[THE RECORDS Boundary: Start]

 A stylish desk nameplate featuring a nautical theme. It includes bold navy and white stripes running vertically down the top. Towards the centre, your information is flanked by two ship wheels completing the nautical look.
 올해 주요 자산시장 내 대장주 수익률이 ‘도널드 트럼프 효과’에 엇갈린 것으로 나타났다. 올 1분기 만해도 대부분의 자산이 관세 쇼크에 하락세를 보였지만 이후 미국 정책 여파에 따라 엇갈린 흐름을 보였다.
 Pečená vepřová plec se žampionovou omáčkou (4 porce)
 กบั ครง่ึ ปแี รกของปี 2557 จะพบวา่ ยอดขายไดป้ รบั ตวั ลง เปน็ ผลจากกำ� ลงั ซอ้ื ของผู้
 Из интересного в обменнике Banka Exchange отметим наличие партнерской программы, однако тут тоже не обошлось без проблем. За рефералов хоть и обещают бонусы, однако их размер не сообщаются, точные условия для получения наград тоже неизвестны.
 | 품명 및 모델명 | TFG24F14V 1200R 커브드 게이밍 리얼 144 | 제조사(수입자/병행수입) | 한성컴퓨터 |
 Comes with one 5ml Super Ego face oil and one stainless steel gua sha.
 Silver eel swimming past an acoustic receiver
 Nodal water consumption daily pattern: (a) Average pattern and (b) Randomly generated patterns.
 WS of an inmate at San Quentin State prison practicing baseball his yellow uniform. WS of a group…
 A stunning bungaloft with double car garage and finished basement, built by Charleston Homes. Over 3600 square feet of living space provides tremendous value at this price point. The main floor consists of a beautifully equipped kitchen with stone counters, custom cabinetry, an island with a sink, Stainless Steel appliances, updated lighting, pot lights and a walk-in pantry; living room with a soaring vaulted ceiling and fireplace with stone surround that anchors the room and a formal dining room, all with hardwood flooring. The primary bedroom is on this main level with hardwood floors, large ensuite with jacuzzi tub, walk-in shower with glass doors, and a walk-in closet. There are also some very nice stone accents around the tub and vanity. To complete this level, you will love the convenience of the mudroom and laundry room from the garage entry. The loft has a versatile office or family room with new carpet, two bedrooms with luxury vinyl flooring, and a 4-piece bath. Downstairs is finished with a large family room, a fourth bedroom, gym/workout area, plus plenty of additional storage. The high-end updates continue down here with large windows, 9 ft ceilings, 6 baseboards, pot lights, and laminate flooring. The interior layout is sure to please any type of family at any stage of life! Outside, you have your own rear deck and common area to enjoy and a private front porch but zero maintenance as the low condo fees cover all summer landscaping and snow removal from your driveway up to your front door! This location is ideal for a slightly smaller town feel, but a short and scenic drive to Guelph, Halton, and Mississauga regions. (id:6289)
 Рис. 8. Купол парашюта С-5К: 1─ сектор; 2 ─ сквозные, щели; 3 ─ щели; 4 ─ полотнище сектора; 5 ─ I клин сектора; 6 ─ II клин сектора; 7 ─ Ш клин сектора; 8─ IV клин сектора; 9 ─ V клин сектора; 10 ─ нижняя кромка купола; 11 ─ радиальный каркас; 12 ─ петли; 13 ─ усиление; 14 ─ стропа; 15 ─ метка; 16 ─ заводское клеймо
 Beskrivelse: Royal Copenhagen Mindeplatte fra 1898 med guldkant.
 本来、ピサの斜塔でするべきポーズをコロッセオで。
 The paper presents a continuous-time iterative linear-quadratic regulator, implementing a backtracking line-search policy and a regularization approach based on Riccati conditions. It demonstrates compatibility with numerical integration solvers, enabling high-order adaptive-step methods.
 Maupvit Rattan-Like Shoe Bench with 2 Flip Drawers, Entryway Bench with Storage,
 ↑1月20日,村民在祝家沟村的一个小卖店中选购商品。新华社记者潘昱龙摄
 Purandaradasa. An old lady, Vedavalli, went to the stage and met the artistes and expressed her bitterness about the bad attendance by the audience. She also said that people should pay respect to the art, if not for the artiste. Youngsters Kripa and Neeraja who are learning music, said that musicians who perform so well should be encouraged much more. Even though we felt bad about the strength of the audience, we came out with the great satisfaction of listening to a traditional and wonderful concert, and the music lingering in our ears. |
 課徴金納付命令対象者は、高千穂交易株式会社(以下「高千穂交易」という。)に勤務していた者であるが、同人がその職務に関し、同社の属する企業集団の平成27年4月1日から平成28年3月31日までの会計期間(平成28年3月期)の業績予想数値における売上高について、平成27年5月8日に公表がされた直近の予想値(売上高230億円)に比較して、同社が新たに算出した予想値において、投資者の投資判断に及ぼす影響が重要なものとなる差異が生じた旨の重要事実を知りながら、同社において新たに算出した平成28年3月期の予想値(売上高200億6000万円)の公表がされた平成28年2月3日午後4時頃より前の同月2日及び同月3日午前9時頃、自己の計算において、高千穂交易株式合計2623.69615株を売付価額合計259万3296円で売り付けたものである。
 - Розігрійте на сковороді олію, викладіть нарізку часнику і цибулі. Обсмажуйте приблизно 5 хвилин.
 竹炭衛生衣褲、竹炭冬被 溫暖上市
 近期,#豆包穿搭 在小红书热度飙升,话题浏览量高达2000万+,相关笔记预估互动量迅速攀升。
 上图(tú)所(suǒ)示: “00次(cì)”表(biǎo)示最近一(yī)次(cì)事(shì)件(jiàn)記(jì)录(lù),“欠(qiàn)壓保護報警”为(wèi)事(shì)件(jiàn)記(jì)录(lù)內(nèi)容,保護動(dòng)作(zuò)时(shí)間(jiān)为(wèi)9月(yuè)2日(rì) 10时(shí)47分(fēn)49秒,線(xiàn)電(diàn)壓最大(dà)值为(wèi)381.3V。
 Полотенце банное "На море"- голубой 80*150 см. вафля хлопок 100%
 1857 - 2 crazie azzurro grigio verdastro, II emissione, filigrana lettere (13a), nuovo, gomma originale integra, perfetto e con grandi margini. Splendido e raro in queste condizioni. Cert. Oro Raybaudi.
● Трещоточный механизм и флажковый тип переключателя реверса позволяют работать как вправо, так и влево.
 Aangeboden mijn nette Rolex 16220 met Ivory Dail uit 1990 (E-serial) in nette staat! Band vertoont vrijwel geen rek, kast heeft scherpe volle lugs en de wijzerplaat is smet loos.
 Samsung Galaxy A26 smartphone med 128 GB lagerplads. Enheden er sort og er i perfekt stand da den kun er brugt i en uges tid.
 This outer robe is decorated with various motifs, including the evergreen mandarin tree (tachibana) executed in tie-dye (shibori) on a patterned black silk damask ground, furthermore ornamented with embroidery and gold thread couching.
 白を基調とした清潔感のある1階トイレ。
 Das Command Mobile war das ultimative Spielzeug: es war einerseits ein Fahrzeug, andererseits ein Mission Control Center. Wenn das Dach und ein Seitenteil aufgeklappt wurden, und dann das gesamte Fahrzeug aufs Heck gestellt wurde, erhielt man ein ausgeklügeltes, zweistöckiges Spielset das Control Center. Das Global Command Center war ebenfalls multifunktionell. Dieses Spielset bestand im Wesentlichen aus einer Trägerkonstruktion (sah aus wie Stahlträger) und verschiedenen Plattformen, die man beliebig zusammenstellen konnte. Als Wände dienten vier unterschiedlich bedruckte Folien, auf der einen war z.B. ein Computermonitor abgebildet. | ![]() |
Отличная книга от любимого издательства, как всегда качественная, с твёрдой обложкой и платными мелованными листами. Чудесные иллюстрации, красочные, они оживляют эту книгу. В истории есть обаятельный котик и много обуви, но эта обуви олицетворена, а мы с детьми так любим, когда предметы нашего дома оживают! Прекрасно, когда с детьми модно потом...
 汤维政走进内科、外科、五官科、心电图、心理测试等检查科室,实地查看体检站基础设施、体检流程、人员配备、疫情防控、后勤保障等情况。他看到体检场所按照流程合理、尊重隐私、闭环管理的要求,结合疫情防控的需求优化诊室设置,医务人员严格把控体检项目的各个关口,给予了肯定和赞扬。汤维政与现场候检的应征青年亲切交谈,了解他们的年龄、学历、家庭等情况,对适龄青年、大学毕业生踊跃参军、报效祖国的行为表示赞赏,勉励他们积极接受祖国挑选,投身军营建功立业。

[THE RECORDS Boundary: End]

◆ ASSIGNMENT: Lines from the top of the entries above to the line that contains "WS of an inmate" should be set down exactly, please, with both ends kept and nothing added.

◆ EXERCISE RESULT:
 A stylish desk nameplate featuring a nautical theme. It includes bold navy and white stripes running vertically down the top. Towards the centre, your information is flanked by two ship wheels completing the nautical look.
 올해 주요 자산시장 내 대장주 수익률이 ‘도널드 트럼프 효과’에 엇갈린 것으로 나타났다. 올 1분기 만해도 대부분의 자산이 관세 쇼크에 하락세를 보였지만 이후 미국 정책 여파에 따라 엇갈린 흐름을 보였다.
 Pečená vepřová plec se žampionovou omáčkou (4 porce)
 กบั ครง่ึ ปแี รกของปี 2557 จะพบวา่ ยอดขายไดป้ รบั ตวั ลง เปน็ ผลจากกำ� ลงั ซอ้ื ของผู้
 Из интересного в обменнике Banka Exchange отметим наличие партнерской программы, однако тут тоже не обошлось без проблем. За рефералов хоть и обещают бонусы, однако их размер не сообщаются, точные условия для получения наград тоже неизвестны.
 | 품명 및 모델명 | TFG24F14V 1200R 커브드 게이밍 리얼 144 | 제조사(수입자/병행수입) | 한성컴퓨터 |
 Comes with one 5ml Super Ego face oil and one stainless steel gua sha.
 Silver eel swimming past an acoustic receiver
 Nodal water consumption daily pattern: (a) Average pattern and (b) Randomly generated patterns.
 WS of an inmate at San Quentin State prison practicing baseball his yellow uniform. WS of a group…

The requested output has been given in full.